Classic symbolic execution suffers from path explosions due to forking the state on every conditional branch. This paper explores how to selectively merge states to push symbolic execution further along the symbolic evaluation spectrum while stopping short of merging states at every join point as in bounded model checking. By not merging at every join point, they aim to retain the benefits of high levels of concrete execution, simpler solver queries and flexibility of search strategies to explore the most interesting paths first.
The main ideas are “Query Count Estimation” (estimating how often a variable will appear in future queries) which is used to decide which differences between states matter most and “Dynamic State Merging” which opportunistically merges similar states.
The paper has a nice overview of the design space of symbolic program analysis based on how the following are handled: loops/recursion; whether and how feasibility of branches is checked to avoid encoding infeasible branches; whether and how states from different paths are merged; and compositionality. With the exception of compositionality, this is captured in Algorithm 1 that presents a generic algorithm parameterized by a scheduling function, a state similarity relation and a branch checker. This is able to capture search based symbolic execution (as in KLEE and DART), bounded model checking, static state merging in verification condition generators, and function summaries (which can be seen as merging states at the end of a function).
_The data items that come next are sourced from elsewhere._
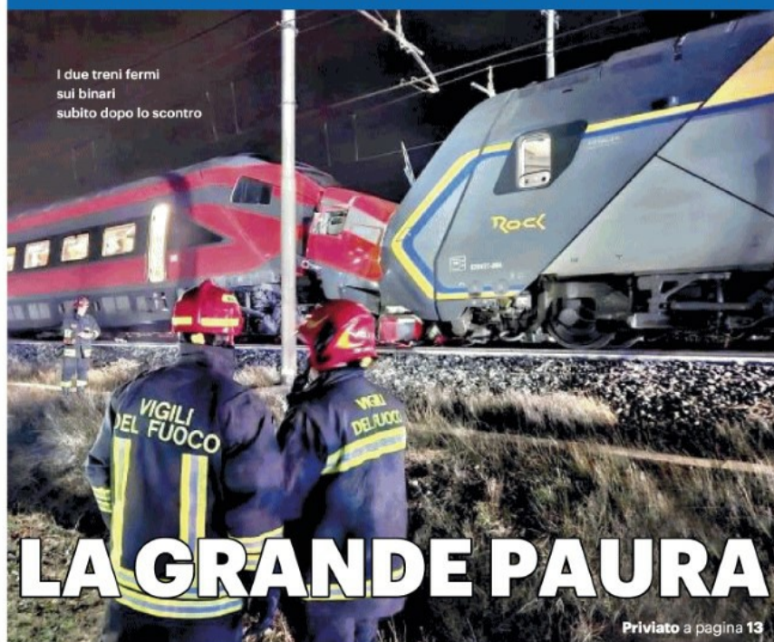
I due treni fermi sui binari subito dopo lo scontro

STRAGE SFIORATA LUNGO LA LINEA ADRIATICA TRA FORLÌ E FAENZA FRECCIAROSSA FINISCE CONTRO UN REGIONALE, 17 FERITI LEGGERI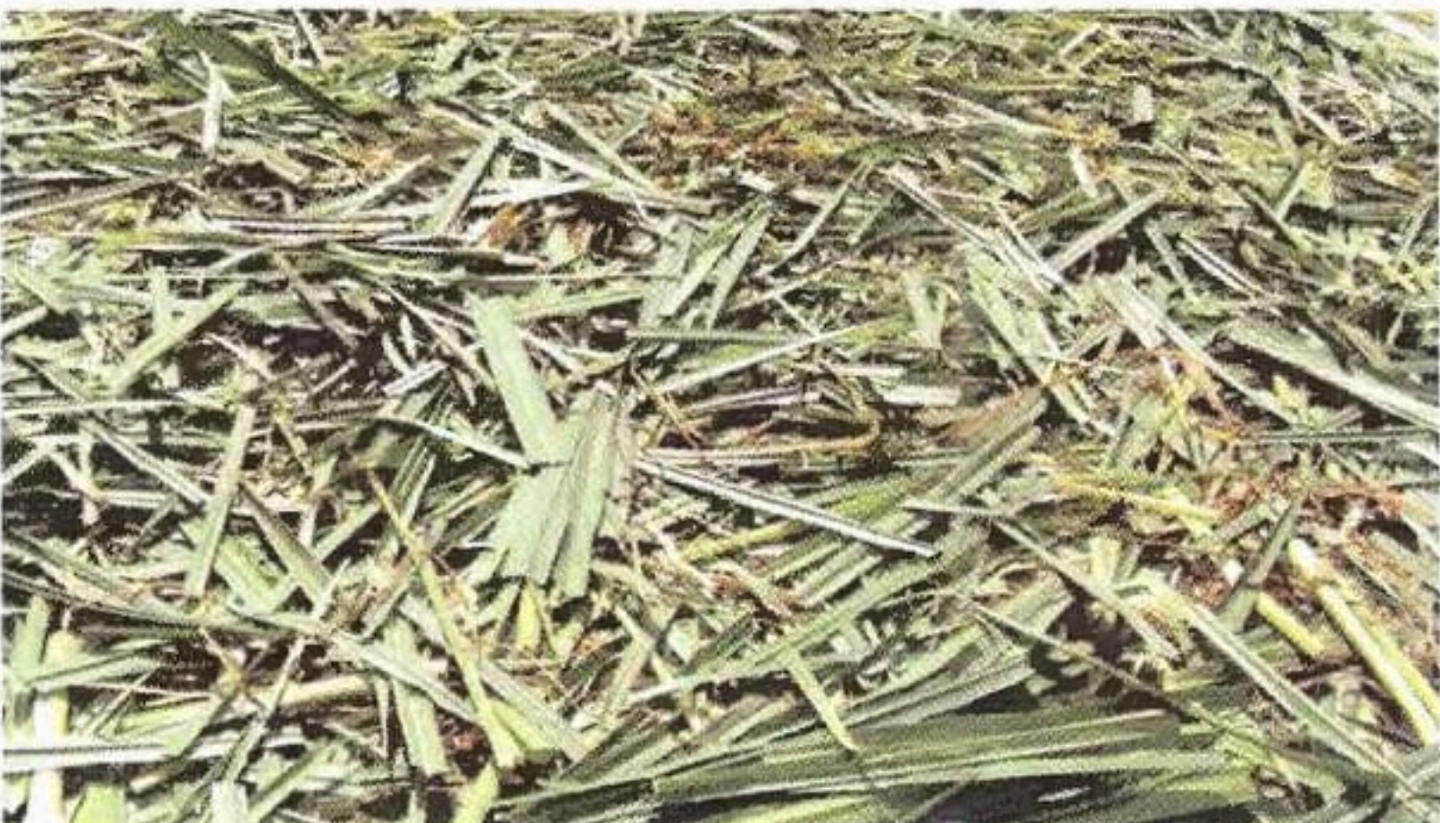
ស្មៅស្តេចដាំនៅក្នុងស្ថានីយ៍ពិសោធន៍សត្វ សរភក

សត្វនៃសាកលវិទ្យាល័យភូមិន្ទកសិកម្ម ។ ស្មៅស្តេច ត្រូវបានកាត់នៅអាយុ ៣០ ទៅ ៤៥ ថ្ងៃ ។ បន្ទាប់មកគឺយើងយកវាមកកាត់ជាបំណែកតូចៗ(ប្រវែងប្រហែលជា ៥ ស.ម) ហើយយកវាទៅសម្ងួតក្រោមពន្លឺព្រះអាទិត្យប្រមាណជា ៤ ទៅ ៥ ម៉ោង ។ បន្ទាប់មកយើងច្រកវាចូលទៅក្នុងបាវមុនពេលដាក់វាចូលទៅថង់ពូស្តិក ។ ជាចុងក្រោយយើងអាចផ្តល់គោស៊ីក្រោយផ្តាច់ ១៥ថ្ងៃ ។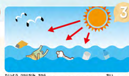
3 太陽の光・波の力でもろくなり、こわれて小さくなる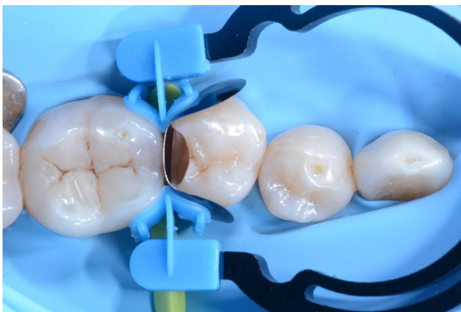
06 La cavidad con myRing Forte, myWedge y la matriz seccional LumiContrast. El anillo myRing Forte rodea con cuidado la banda matriz asegurando una restauración fiel del punto de contacto.

Para restaurar satisfactoriamente las paredes proximales es fundamental colocar correctamente la matriz seccional LumiContrast; en la imagen de la izquierda se observa la banda matriz mal colocada. Para conseguir la restauración óptima del punto de contacto, la banda matriz debe ser más alta que la pared proximal de la corona, como se observa en la imagen de la derecha.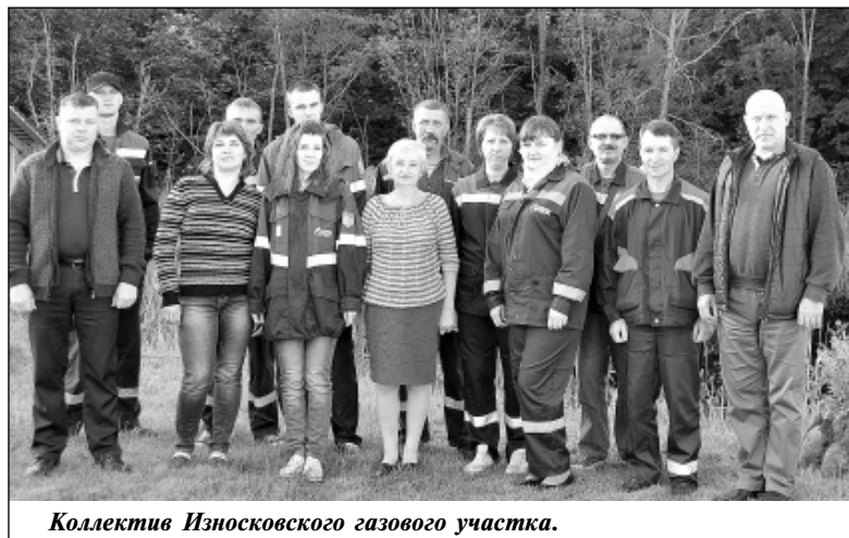
Коллектив Износковского газового участка.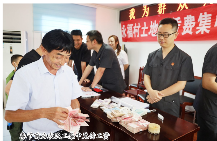
春节前为农民工集中兑付工资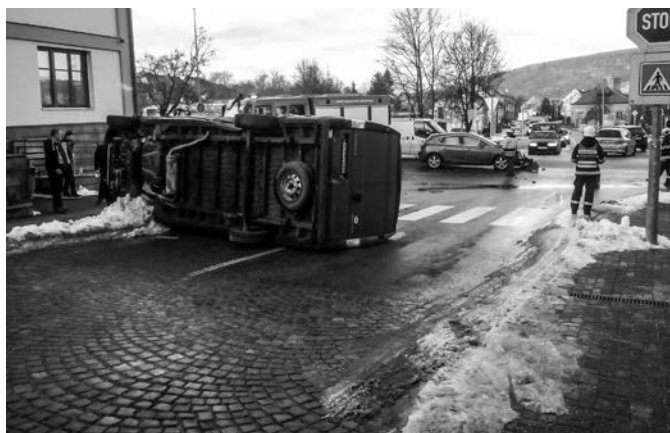
Autohavárie pred obecným úradom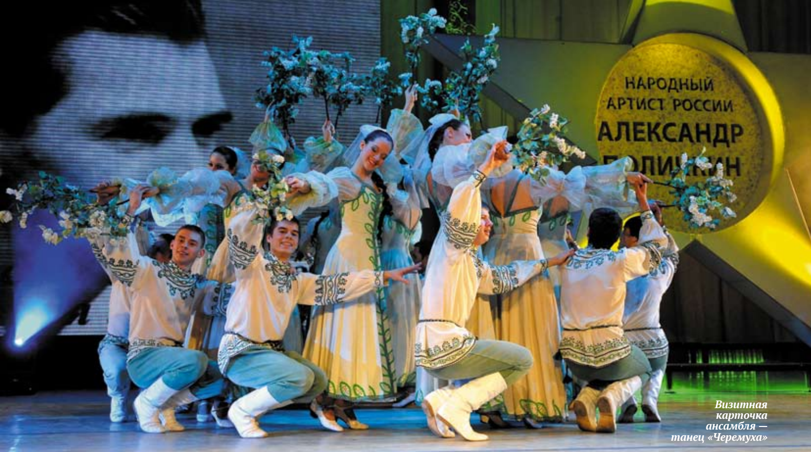
Визитная карточка ансамбля — танец «Черемуха»

идею и замысел. Научусь ли я этому?.. Смотрю на постановки Поличкина, а там движение как будто само рождается... Простые шаги танца, а как все точно, как лаконично.

Query Count Estimation (QCE) uses a preprocessing step to count the number of times each variable is used in a branch conditition in later parts of the CFG. The calculation is parameterized by the fraction of branches that lead to solver queries, the probability that branches are feasible, and an iteration bound. There is an optional further parameter to handle the added query cost of ite expressions.
Dynamic State Merging (DSM) decides which states to schedule next by looking at the predecessors of states (within some bound) and prioritizing execution of states that are similar to that predecessor. This causes states that are similar to the predecessor of a state to be fast-forwarded so that we can check whether the successor state is similar with the idea that this deviation from the primary search strategy will probably be worthwhile. To reduce costs, DSM exploits knowledge of the QCE-based similarity relation to only store relevant parts of predecessor states.
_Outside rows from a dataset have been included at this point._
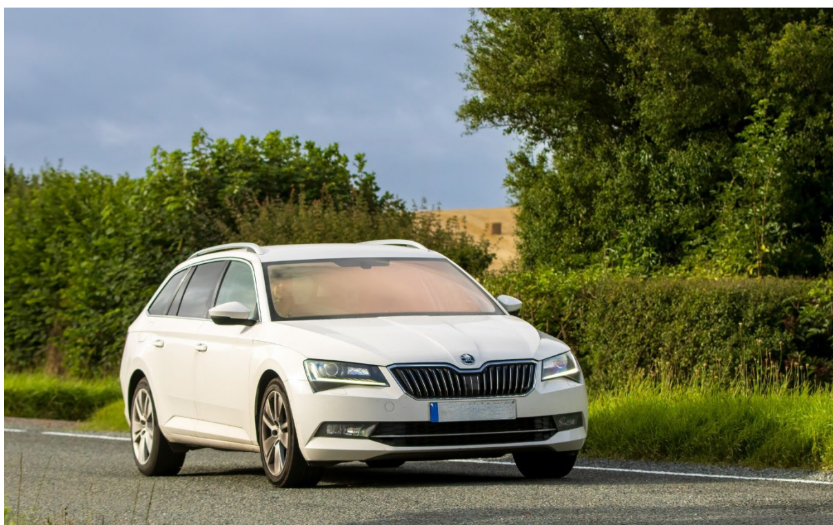
Škoda Superb – ilustračný obrázok

Škrabance, „tukance“ či opotrebovaný interiér síce nelahodia žiadnemu oku, no v porovnaní so zatajenou históriou predstavujú len estetický problém. Ponuka trhu s ojazdenými vozidlami láka na výhodné ceny, rýchlu dostupnosť a nadštandardnú výbavu, ale zároveň skrýva aj svoje riziká. Túžba kúpiť čo najvýhodnejšie vytvára príležitosť pre podvodníkov na neoprávnené obohatenie na úkor kupujúceho. Finančná ujma je pritom len špičkou ľadovca, skutočné riziko, ktorému kupujúci čelia je ohrozenie bezpečnosti vodiča, posádky a cestnej premávky.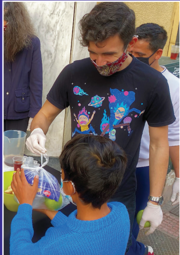
Προσφορά φαγητού στον μικρό φίλο από το Ιράν

Με τους περισσότερους γνωριζόμαστε καιρό και ο Θεός εργάζεται μέσα τους! Πάντα μας ευχαριστούν και μας λένε πόσο τους αρέσουν τα φαγητά μας!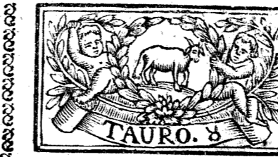
Abril tiene 30 dias, la Luna 29.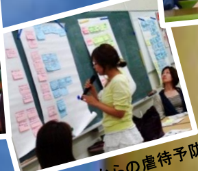
妊娠中からの虐待予防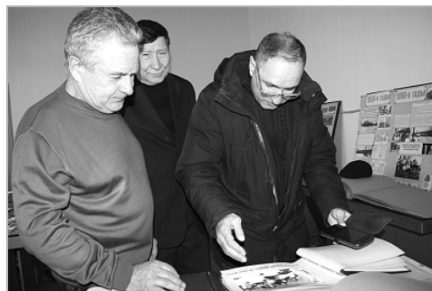
Гости праздника с неподдельным интересом рассматривали выставку фотографий прошлых лет.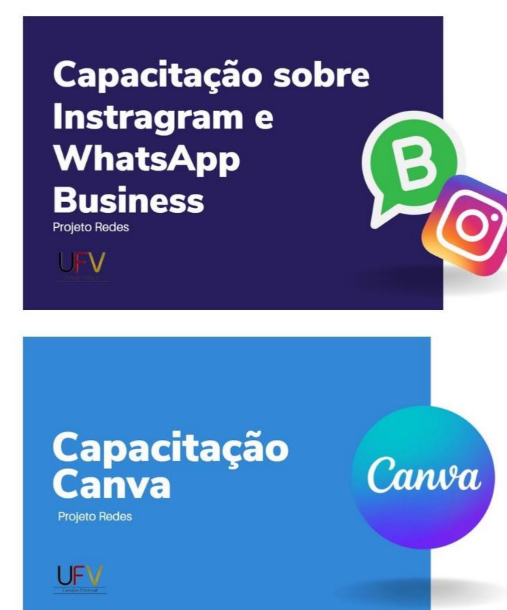
Imagem 1 - Capas das capacitações oferecidas

Trabalhamos com 5 famílias de maneira completa, sendo então desenvolvidos para estas: tabelas nutricionais, guia de rotulagem e capacitações. A partir do formulário de satisfação, os produtores relataram que sentem mais controle sobre a comunicação com seus clientes e mais independência ao usar ferramentas digitais para a ampliação de seus negócios. Além disso, com o cálculo das tabelas nutricionais e guias de rotulagem, as famílias entenderam a importância de terem seus produtos adequados à legislação vigente, para um comercialização mais segura e com maior poder de expansão.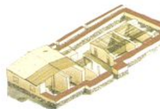
Үй-жай, XI - XIII ғ. Талғар

This was implemented in the KLEE verifier and evaluated on the standard KLEE benchmarks (the CoreUtils suite of commands: cp, mv, sort, cut, test, etc. – 82 tools in total). QCE+DSM improves scaling (number of paths explored in fixed time) to increase by orders of magnitude (up to 10^11). (A few slow down a little (due to ite expressions) and a few crash.) The paper measures the sensitivity to some of the QCE parameters and how much DSM interferes with the primary search strategy (e.g., maximizing coverage).
They speculate that this approach can be adapted to other forms of symbolic evaluation.